IBISWorld research analyst Ashley Cruz has estimated that Samsung (KRX:005930) alone has US$38 million worth of goods aboard Hanjin (KRX:117930) freighters.
While Hanjin Shipping’s Hanjin Group corporate parent has promised to allocate US$90 million to ensure cargo aboard Hanjin ships can be unloaded, Cruz noted that amount would likely be insufficient.
Korean Air Lines, Hanjin’s largest shareholder, has also agreed to lend the company US$54 million.
Among B.C. businesses with significant skin in the Hanjin game are the world’s largest container ship leasing company – Hanjin is among Seaspan Corp.’s (NYSE:SSW) clients – and one of North America’s fastest-growing container ports.
On September 19, a South Korean bankruptcy court ordered Hanjin to return the 83 ships it charters to the vessels’ owners.
But that move, seen as part of the wholesale liquidation of the company, raises the question of where Seaspan and other major container fleet lessors will find new charter contracts for their ships in an oversupplied sector.
Sterling pointed out that there might be some takers for the leased Hanjin vessels, “but there is no way they are going to get the rates that Hanjin was paying. So maybe they can get some type of lease rate, but it will be at market bottom.”
Seaspan has three container vessels chartered to Hanjin. Estimated future revenue under the three charter contracts as of August was US$364 million. As of May, Seaspan had approximately US$18.6 million in past due accounts receivable from Hanjin.
Seaspan, which is registered in the Marshall Islands but has major offices in Hong Kong, Shanghai, Mumbai and Vancouver, went public in 2005 with a fleet of 10 container ships.
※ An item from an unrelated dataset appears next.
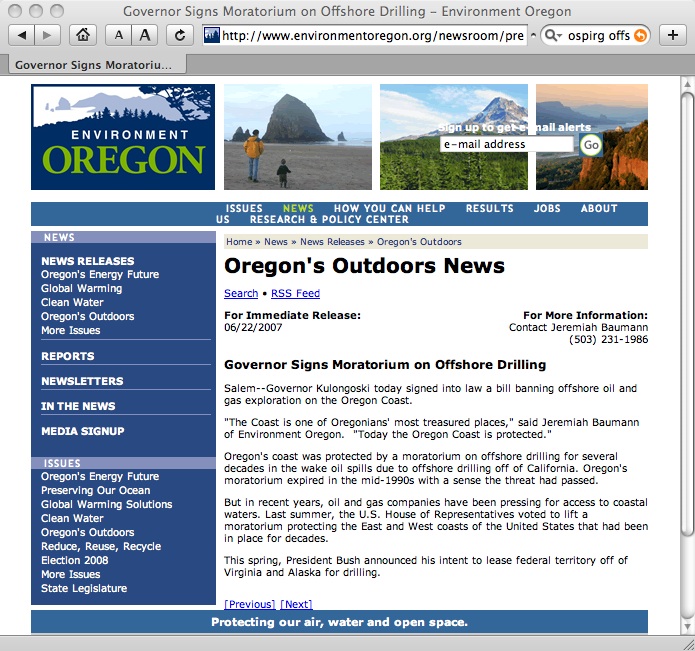 One of the campaigners behind this effort claims that there might be a small amount of oil off the coast, and in the future, methane hydrates might be mined from the sea floor, so the drilling moratorium is still a good idea. Perhaps one day, methane hydrate extraction might become a major threat to the coast (and to the climate, since methane is a potent greenhouse gas). However, searching for "peak oil" on the "environmentoregon.org" website turns up a blank result. Most of the foundation funded environmental groups act as de facto divisions of the Democratic Party, and since the Democrats don't want to talk about Peak Oil, these groups ignore it, also.

It now has more than 100.
Co-chairman of Seaspan Corp.’s board is Kyle Washington, the eldest son of Dennis Washington, founder of the Washington family business empire, which has ownership interests in Seaspan Corp. and North Vancouver-based shipbuilder Seaspan Marine Corp.
Like others in the sector, Seaspan Corp. has been feeling the effects of the slowdown in the global shipping industry.
As reported in “Opportunities on Seaspan radar in global marketplace volatility” (BIV issue 1386; May 24-30), Seaspan Corp.’s first-quarter 2016 financials showed company revenue up 14.3% to US$215.5 million compared with the same quarter in 2015, but net earnings were down 67% to US$7.1 million. Earnings for the six months ended June 30 were down 57% from the same period in 2015.
As of December 31, it was also carrying corporate debt of around US$3.5 billion.
In an interview with BIV, Washington called the rapidly evolving Hanjin saga “an unfortunate situation … a mega deal for sure; it shocked the world.” But he said repercussions for Seaspan from Hanjin’s collapse will be minimal because it represented less than 5% of Seaspan’s charter fleet. Seaspan, according to Washington, remains in a “great position.”
He added that while shipping in general is in a challenging market and container shipping companies in particular “are getting beat up pretty good,” Seaspan will have little trouble finding new customers for the vessels leased to Hanjin.
He said most of the container shipping sector’s financial distress involves smaller vessels of around 5,000 TEU (20-foot equivalent containers) capacity.
The 10,000 TEU Seaspan Saver-design ships leased to Hanjin, he said, are 30% more fuel-efficient than standard ships in that class and are hard to come by.
“So we will be able to find employment [for the ships], if not at the Hanjin rate then very close to it.”
Meanwhile, Ocean Shipping Consultants’ (OSC) 2016 West Coast container shipping outlook notes that Hanjin has been a major customer of Prince Rupert since the northern B.C. port began handling container cargo in 2007.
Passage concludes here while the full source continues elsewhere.